Short-crested Coquette

Short-crested Coquette, Greg Homel, Natural Elements Productions

At a Glance

  • Scientific Name: Lophornis brachylophus
  • Population: 250-999
  • IUCN Status: Critically Endangered
  • Trend:  Decreasing
  • Habitat: Cloud forest, pine-oak forests and edges, coffee plantations
Short-crested Coquette map, Cornell

Short-crested Coquette range map, Birds of North America, maintained by the Cornell Lab of Ornithology

The Short-crested Coquette is an incredibly small hummingbird – at less than three inches long, it's barely the size of a butterfly! This is one of the rarest Mexican hummingbirds, with an extremely limited range in the state of Guerrero.

Coquettes may be small, but they are among the showiest hummingbirds, with males having spiky crests and cheek tufts. Their common names hint at their gaudiness. Of the ten species, including Tufted, Dot-eared, Spangled, Peacock, Festive, and Frilled Coquettes, the rarest by far is the Short-crested.

Rare Bird's Fork in the Road

It's been not so much a road trip but a trip on the road for those who have sought the Critically Endangered Short-crested Coquette. Strangely enough, this endangered hummingbird is most easily sighted along a 16-mile stretch of road within the rugged Sierra Madre del Sur mountain range, known for its high biodiversity and large number of endemic plant and animal species.

When first observed by ornithologists in this area in the 1940s, the Short-crested Coquette was not recognized as a separate species. In the 1973 Field Guide to Mexican Birds, for example, Roger Tory Peterson listed it as the Rufous-crested Coquette, a species found from Panama to Peru (with a few Costa Rican specimens as well), and guessed that it was accidental in Guerrero.

It wasn't until the early 1990s that full species status came to what some authorities had been calling “the Coquette Hummingbird of Guerrero.” The Short-crested Coquette is distinguished by its namesake shorter crest, its all-black bill, and differences in tail pattern in males and throat color in females.

These days, this tiny bird looms large on conservationists' radar. BirdLife International recognizes an area of its range, the Sierra de Atoyac, as an Important Bird Area (IBA). This IBA includes Cerro Teotepec, the highest peak in Guerrero at over 12,000 feet. Other scarce birds found in the area include the Near-threatened Ornate Hawk-Eagle, Vulnerable White-throated Jay, and Endangered Yellow-headed Parrot. More study and conservation action are needed to protect these declining species, and ABC and its partners continue to seek ways to save them.

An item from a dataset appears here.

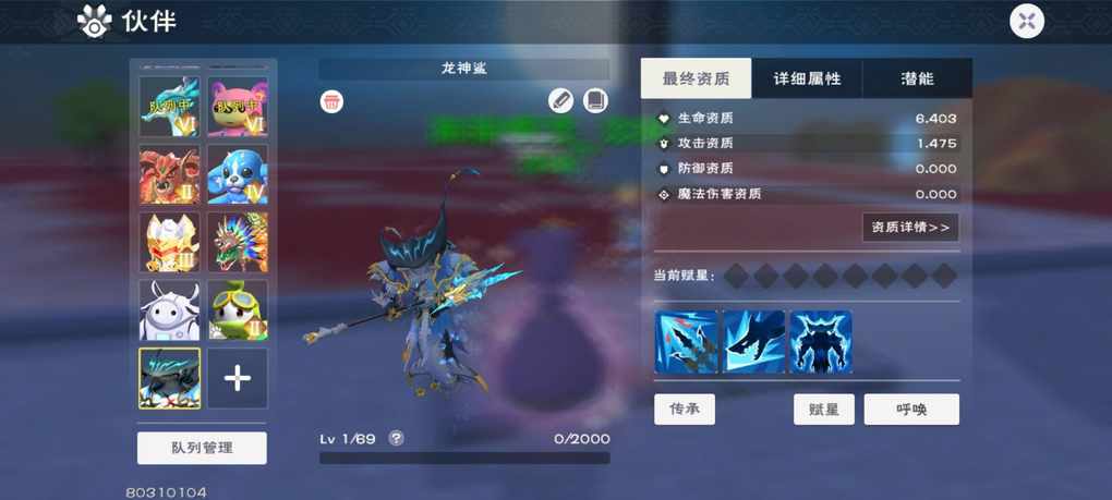 鲨鱼一般极品7.5,初始生命225满好像是

Female Short-crested Coquette by Greg Homel, Natural Elements Productions

Flower Powered

Short-crested Coquettes feed on flower nectar, especially of plant species with small flowers. For example, they visit trees in the genus Inga, which are often planted to shade coffee plants, and Cecropia, fast-growing trees usually sprouting up in sunny spots where forest trees fall and at the forest edge. These hummingbirds also eat insects captured in flight.

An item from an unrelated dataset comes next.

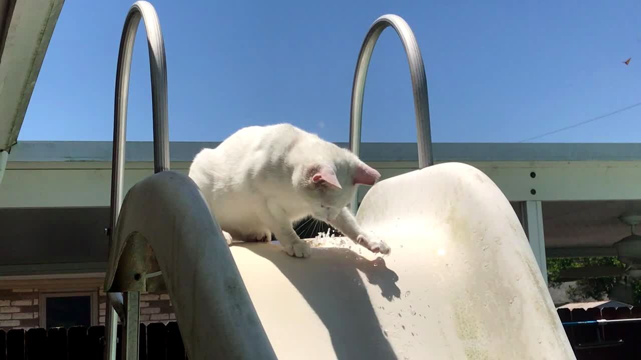 A senior man zip lines over a backyard pool, but the line breaks, and he falls in the water.

As in other coquette species, males sport brightly colored plumage: in the case of the Short-crested, a spiky cinnamon crest, a glittering green throat, orange cheek patches, orangey outer tail feathers, and a white rump band — a feature shared by all coquette species, in both males and females.

Larger hummingbird species often chase off the tiny coquettes, which sometimes cling to flowers, where they probe for nectar while remaining relatively inconspicuous.

Researchers and birders have found the Short-crested Coquette to be common only seasonally, which suggests that it may make altitudinal shifts in range, similar to those of the Rainbow-bearded Thornbill or the Snowcap.

Making Good for a Local Bird

The Short-crested Coquette is only known from a very small area, where its habitat remains unprotected and is still cleared for corn, coffee, timber, and the production of illegal drugs.

ABC is working with researcher Dr. Roberto Carlos Almazán Núñez from the Universidad Autónoma de Guerrero to conduct a conservation assessment for the coquette, which will be used to inform a species conservation action plan. Dr. Almazán Núñez is also leading community workshops for the owners of the local communal lands, called ejidos, to build pride and awareness of the Short-crested Coquette.